Still, Roth said if the company views the land at Penn 15 as a sunk cost and if rents rise to the high $100s or even above $200 a foot, the tower could get off the ground.
“That obviously is the next site,” Roth said. “We are considering all options.”
He clarified that “clearly” office space would be at the front of the building, but that the company was also considering apartments as part of the project.
He said he has high hopes that asking rents at Penn 1 and Penn 2 will rise well above $100 per square foot.
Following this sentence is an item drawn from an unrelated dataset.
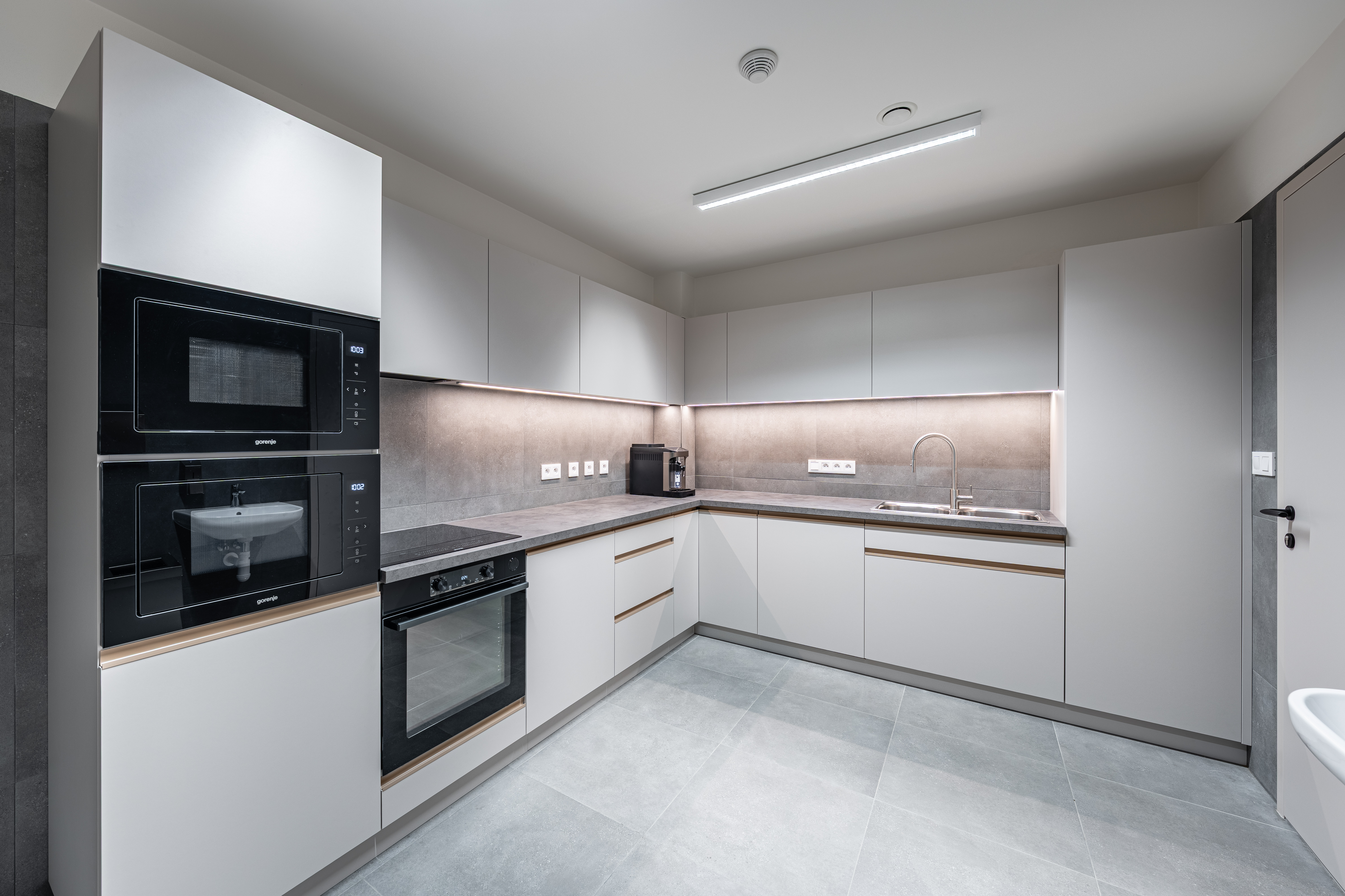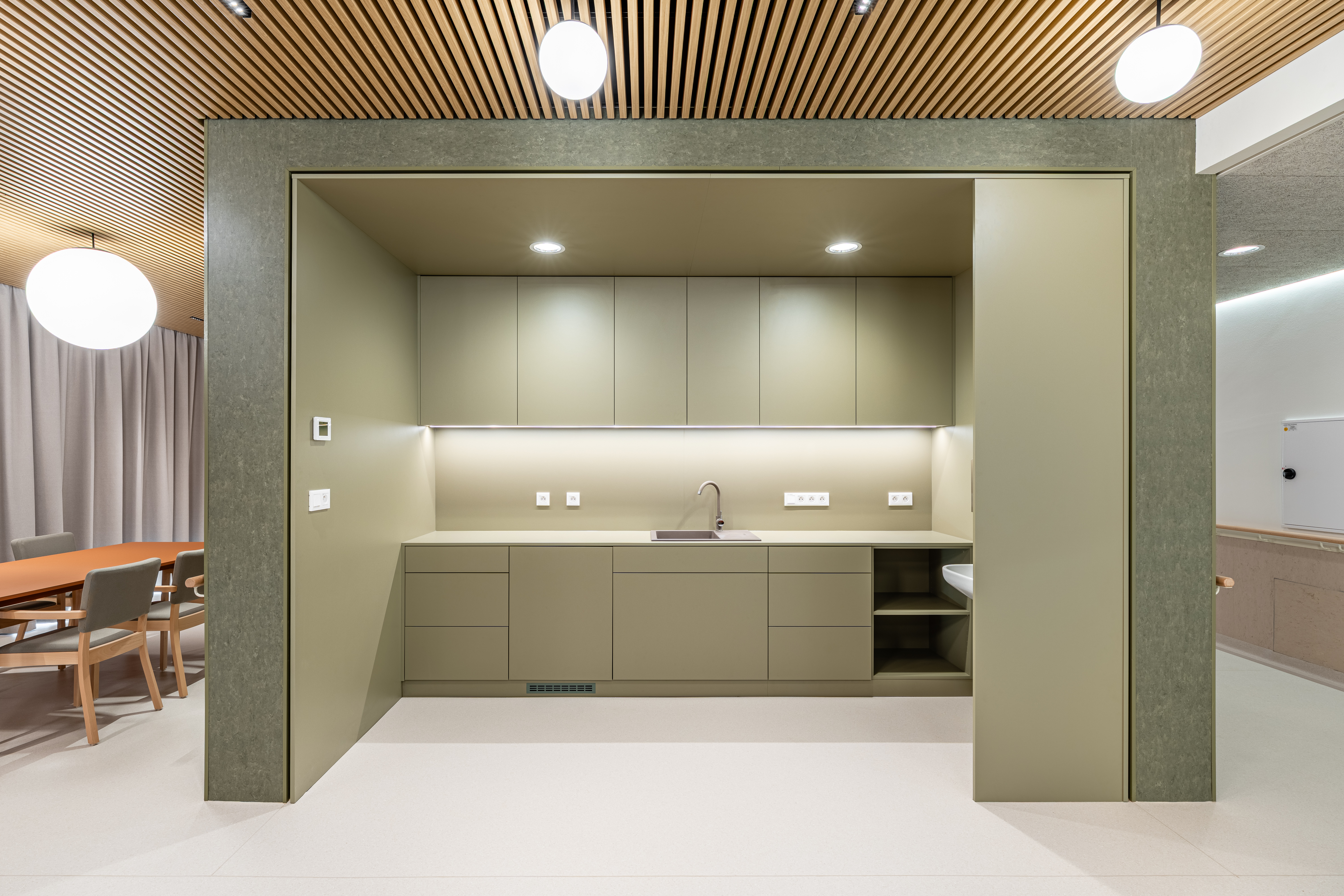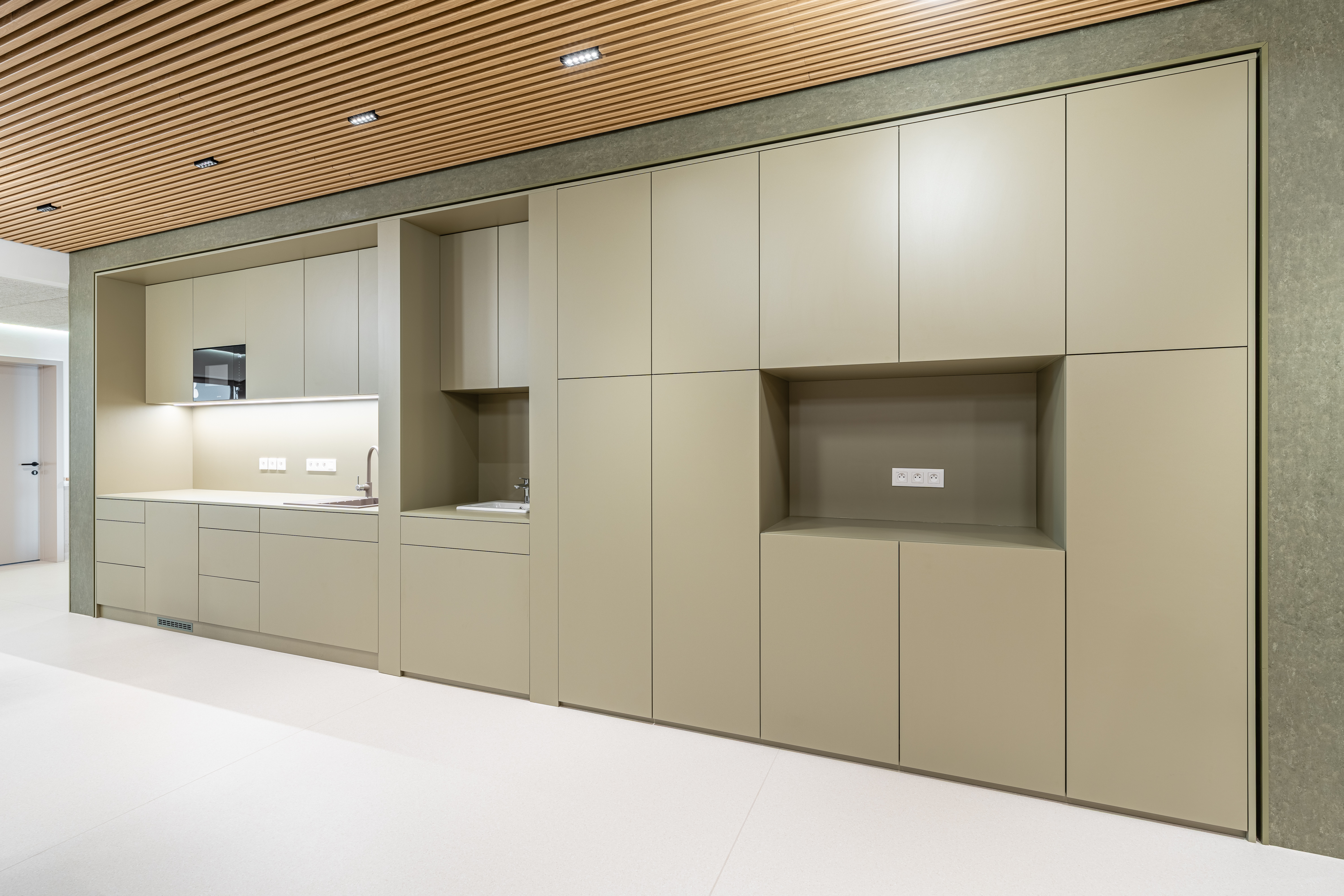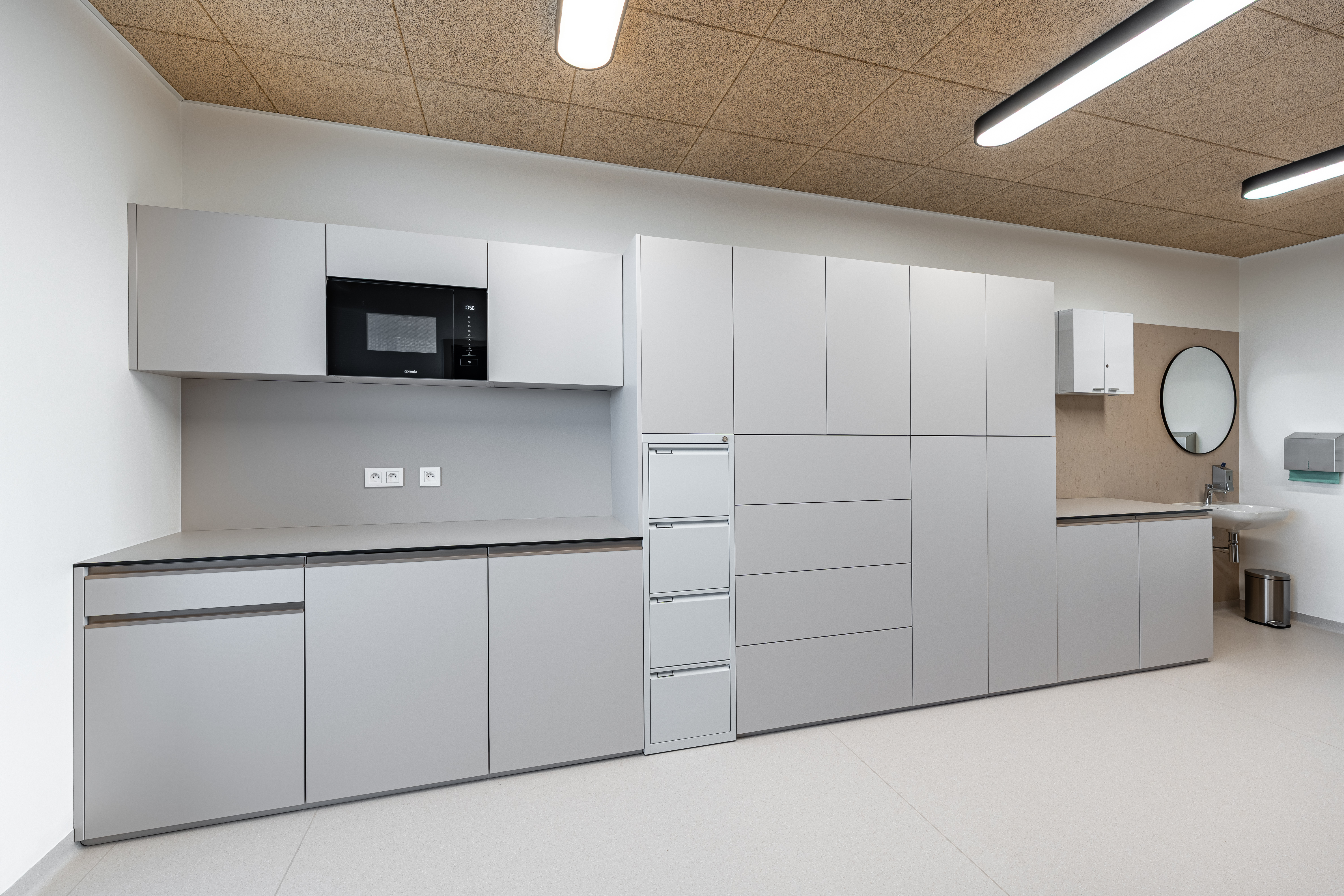 Interior furniture for doctors' offices, nurses' stations, conference rooms, stainless steel furniture for disinfection and cleaning rooms, entrance hall, and bistro.
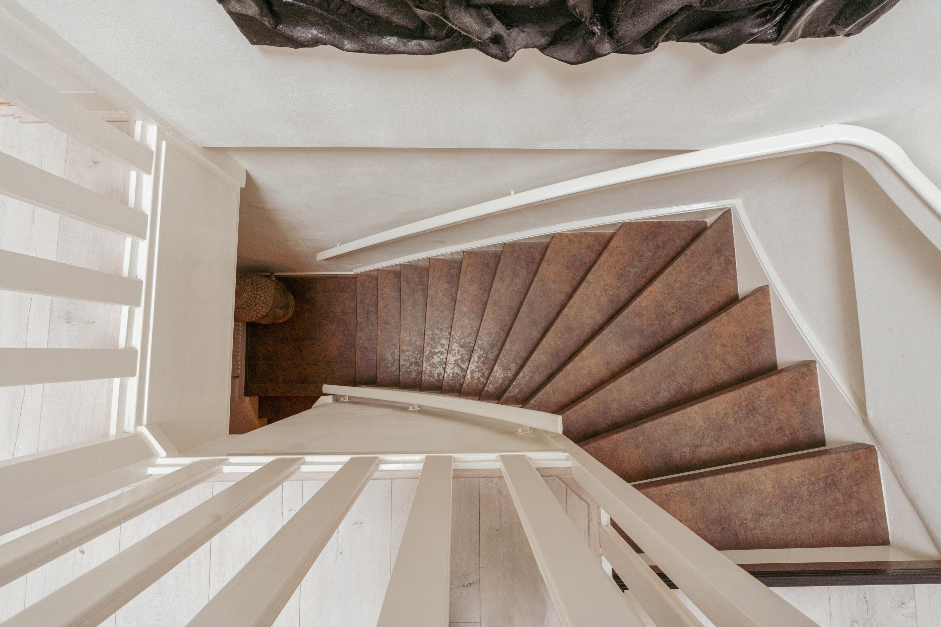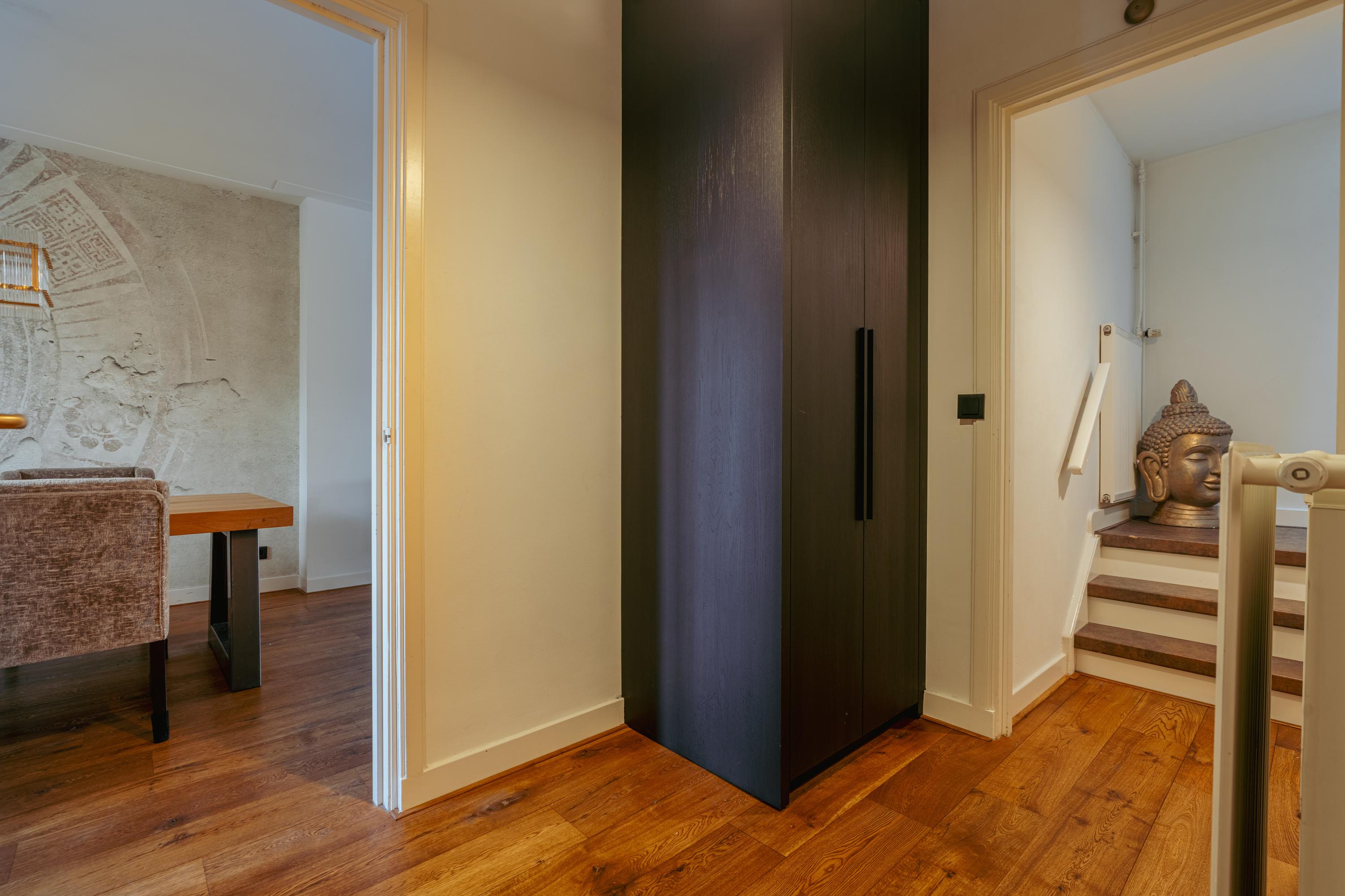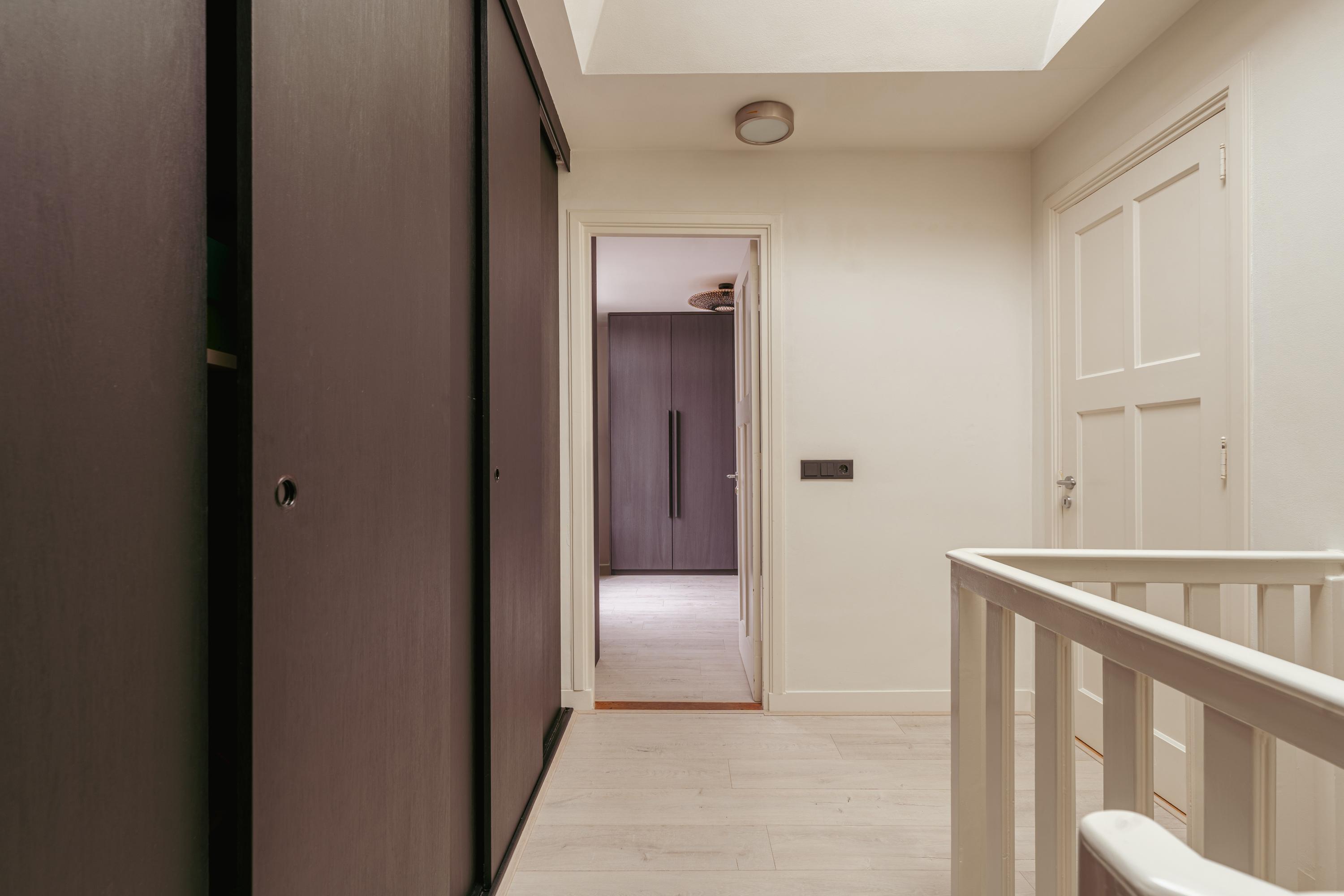 A staircase in the hallway leads to the fourth floor, the second living level. The landing features a large built-in wardrobe providing ample storage and a clean, organized appearance. A skylight allows pleasant daylight to enter.

He said the company is weeks away from signing a 300,000-square-foot lease at Penn 2 and is negotiating a letter of intent for a “major headquarters” at the redeveloped office building.
Roth emphasized that demand for high-end office space was on the rise as only a handful of major new office projects have broken ground in the past five years — the perfect recipe for a landlord’s market. The office availability rate in Manhattan hit 17.9 percent in the fourth quarter of 2024, the lowest level seen since 2020, according to Avison Young. Class A office space made up the largest share of leasing activity during that quarter.
Vornado is also cutting its losses at the Rego Park Mall. Roth said the company is relocating the remaining tenants, Burlington and Marshalls, at Queens Boulevard and Junction Boulevard, which he referred to as a “failed shopping center.” Alexander’s, the REIT that owns the property and is controlled by Vornado, plans to sell the five-acre parcel or develop it, Roth said.
Ikea paid $10 million last year to end its lease at Rego 1. Roth said the land was worth more than the 66-year-old building on the site. Burlington and Marshalls will move to the newer part of the mall, dubbed Rego 2.